ほしの・よしはる/1960年生まれ。1991年、星野温泉(現・星野リゾート)の社長に就任(現職)。運営特化戦略で事業拡大に成功している(撮影:尾形文繁)

インバウンドの増加を受け、外資系の出店が増加するホテル業界。最近はフランスのアコーやタイのデュシット・インターナショナルなど、日本になじみが薄かった企業の参入が相次いでいる。日本のホテルはどのように立ち向かえばいいのか。

プリンスホテルやロイヤルホテルなど多くの国内勢は自前でホテルを持つ所有型から、不動産会社などのオーナーからホテルの運営を請け負う「運営特化型」へと舵を切り替えている。運営特化型は建物などの資産を持つ必要がなく、外資系ホテルと同じく、身軽に出店を加速できるためだ。

1992年より運営に特化し、出店を拡大している星野リゾートの星野佳路代表に日本のホテル業界が置かれている状況や同社の今後の戦略を聞いた。

いまのインバウンドには「危ない兆候」がある

――コロナを経て、インバウンドが急増しています。

いまのインバウンド需要はバブルだと思っている。コロナ前の訪日客数増加は急速で、不自然だった。これ(インバウンド需要の増加)が続くかどうかは、日本が旅の質を上げられるかどうかにかかっている。

日本の旅行業界は、これまでもスキーや企業の団体旅行、海外旅行などブームを作ってはそれらを潰してきた。オーバーツーリズムなどの理由で満足度が下がっていたことを放置したことが原因だ。

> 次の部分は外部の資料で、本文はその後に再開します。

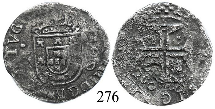 Lisbon, Portugal, 200 reis, John IV, with Brazilian 250-reis ("2S0") countermark (1663). 7.9 grams. Full cross with full countermark, nice shield side with lots of bold legend, toned and lightly corroded only here and there. Recovered from: Sacramento, sunk in 1668 off the Bay of All Saints, Bahia, Brazil.
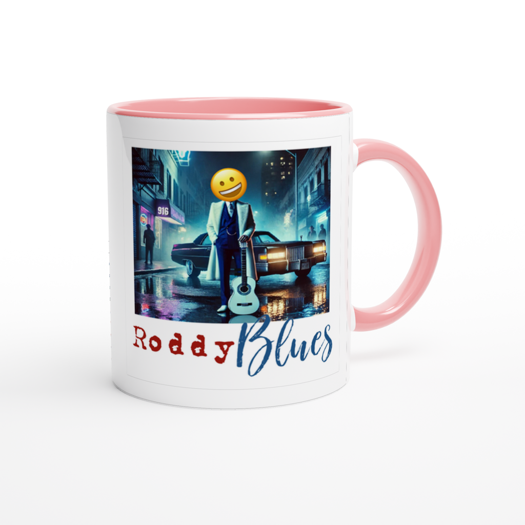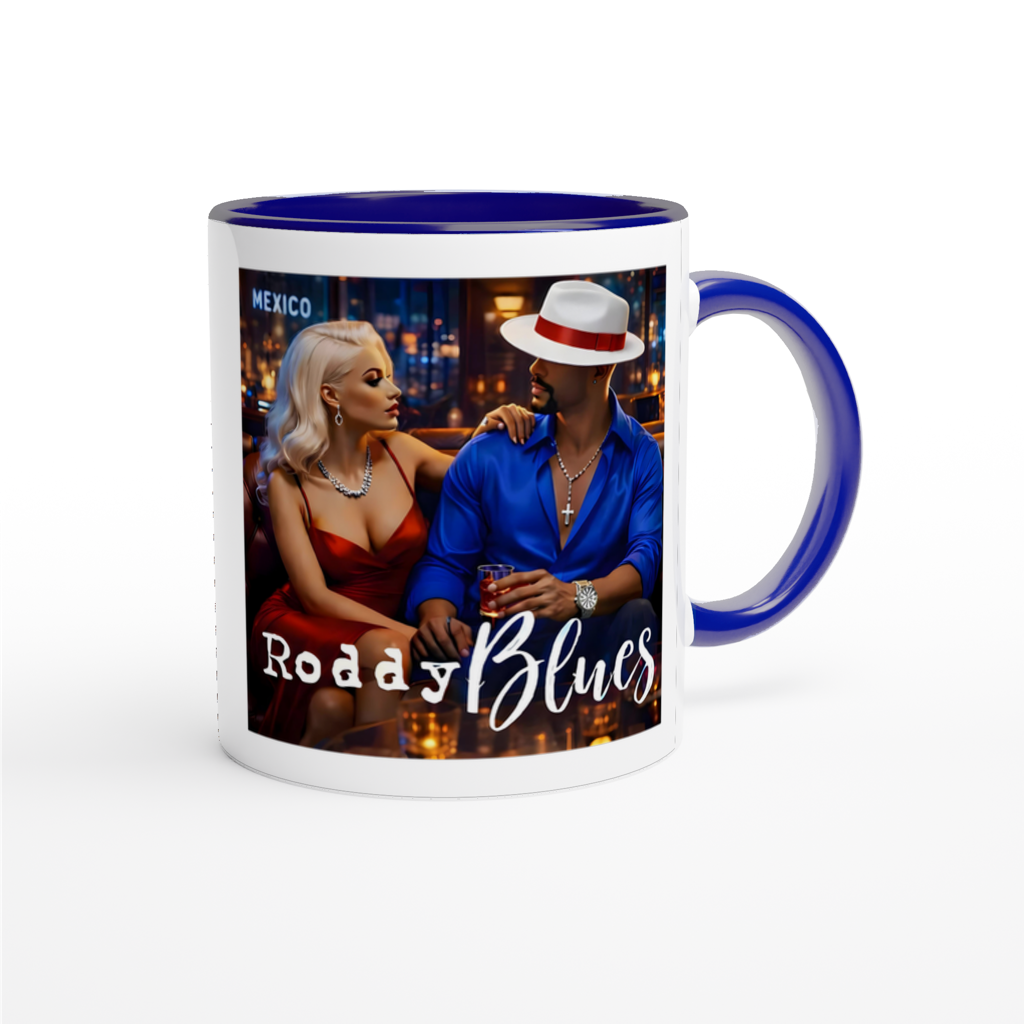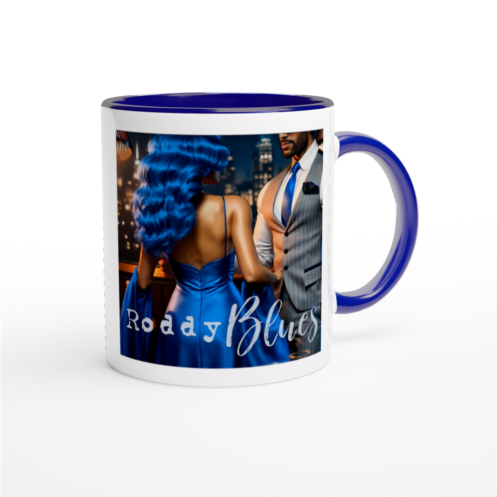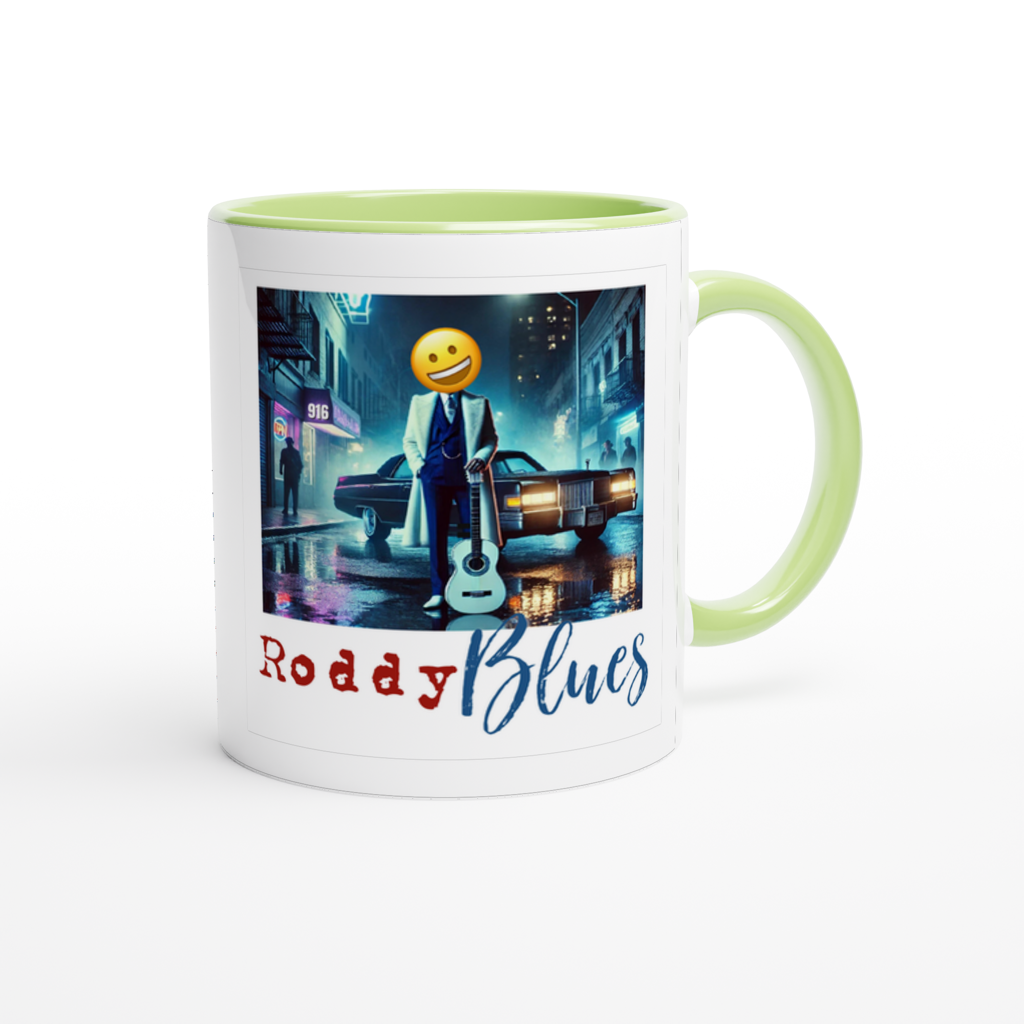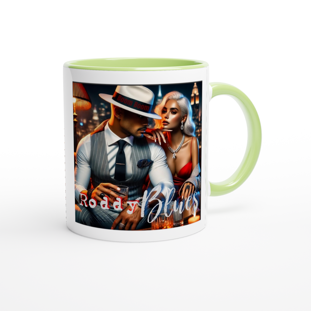 This mug is glossy white with a colored rim, inside, and handle. Microwave and dishwasher safe.

いまのインバウンドは数値目標が先にあり、ブームで終わることをわざわざ作りにいっているようだ。危ない兆候がある。

実際、猛暑の7〜8月に来日したインバウンド客の満足度は落ちていると思う。そもそもこの時期は夏休みで日本人が動く。外国人が来なくても需要が平準化できるはず。観光庁は春・秋に日本に来たほうが満足度は高いと発信するべきだ。

また国内に目をやると、長期的には円安傾向が続くだろう。円安で海外旅行に行きにくくなることで日本人観光客が国内に戻ってきてくれる状況は続くと思う。一方で国内旅行の売上高28兆円の80%を握る日本人は高齢化が進んでおり、サステナブルな状況ではない。

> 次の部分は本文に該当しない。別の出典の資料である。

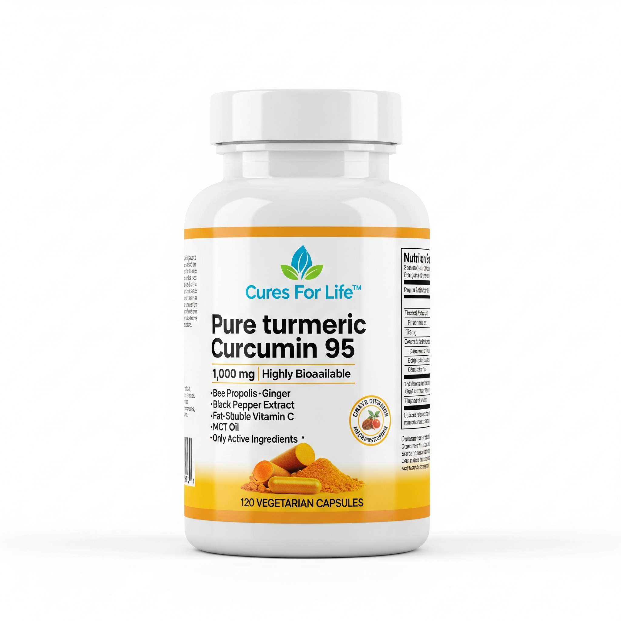 Turmeric Curcumin 1,000mg – 95% Curcuminoids with Black Pepper & MCT Oil – Enhanced Absorption – No Fillers, Non-GMO – 120 Vegetarian Capsules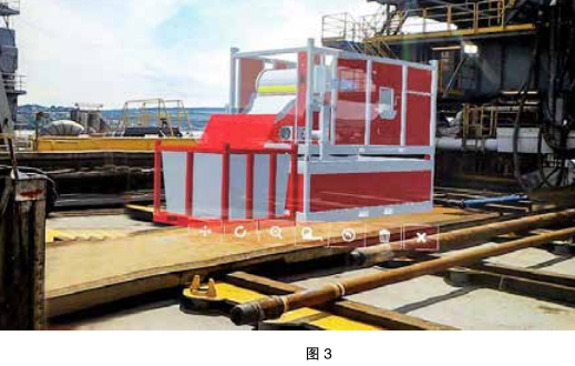 在過去的12個月里,該公司已對沉浸式AR/VR技術進行了測試,并商業(yè)化地將該技術運用到了美國和英國陸上鉆機和海上鉆井平臺的布局中。增強現(xiàn)實AR可實現(xiàn)更快的決策。在位于英國一個碼頭附近的兩部海上鉆井平臺上,沉浸式AR/VR解決方案得到了良好的運用,以評估一組鉆機固控設備和分離裝置安裝的可能性。演練對除氣器和振動篩區(qū)域、固井動力裝置、固井泵裝置、旋轉鉆臺、以及管子甲板進行了完整的掃描。AR/VR技術生成了一個鉆機現(xiàn)場的3D全息模型展示,捕獲了精準和詳細的測量值和準確無誤面積展示。見圖3,使用該系統(tǒng)的全息模型查看器,分離和復原裝置被虛擬地放置在了平臺上。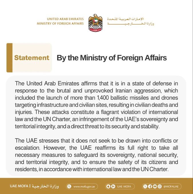 UAE ने कहा है कि वह ईरानी हमले के खिलाफ सेल्फ-डिफेंस में काम कर रहा है. इसमें इंफ्रास्ट्रक्चर और सिविलियन जगहों को निशाना बनाकर 1,400 से ज़्यादा बैलिस्टिक मिसाइल और ड्रोन लॉन्च करना शामिल है, जिससे आम लोग मारे गए. यह इंटरनेशनल कानून और UN चार्टर का गंभीर उल्लंघन है, UAE की सॉवरेनिटी और टेरिटोरियल इंटीग्रिटी का उल्लंघन है और इसकी सिक्योरिटी और स्टेबिलिटी के लिए सीधा खतरा है.

――外資系に比べて、国内ホテルは運営特化への切り替えが遅れました。

1980年代にホテルオークラが権威ある雑誌で世界一のホテルに選ばれた。ホテルオークラ、帝国ホテル、ホテルニューオータニが世界のトップホテルを争っていて、日本ホテル業界の絶頂だった。

ここでマネジメントコントラクト(MC:運営特化型)に切り替えることができていればうまくいっていた可能性もあったと思う。しかしそれが遅れた。MCは薄利で、オーナーシップを持っているほうが儲かる。温泉旅館業界も、実家を売却してまで運営特化に切り替える勇気がなかった。

1980年代は北米やEU(欧州連合)のホテルと背比べの状態だったが、すでに(その差は)大きくなってしまった。これから運営特化に切り替えるホテルはさまざまな面でキャッチアップが必要となってくる。

市場戦略視点のブランド戦略が非常に大事

また正しいブランド戦略のもと運営特化に切り替えているのか、または(財務面など)何らかの問題で資産売却が必要なため、売却ありきで運営特化をしているのかでは、大きな差がある。当社は1990年代から運営に特化している。覚悟の差がある。


山代温泉にある「界 加賀」。老舗旅館から運営を引き継いだ(写真:星野リゾート)

――MCでの出店で成功するために重要なことはありますか。

市場戦略視点のブランド戦略が非常に大事だ。

例えば、熱海や石川の温泉旅館は老舗温泉旅館を「界」(土地ごとの特色を生かした温泉旅館ブランド)のブランドに変えた。批判もあったし、常連客が離れるなど、ブランドを捨てるデメリットはあったが、統一するメリットを取りにいった。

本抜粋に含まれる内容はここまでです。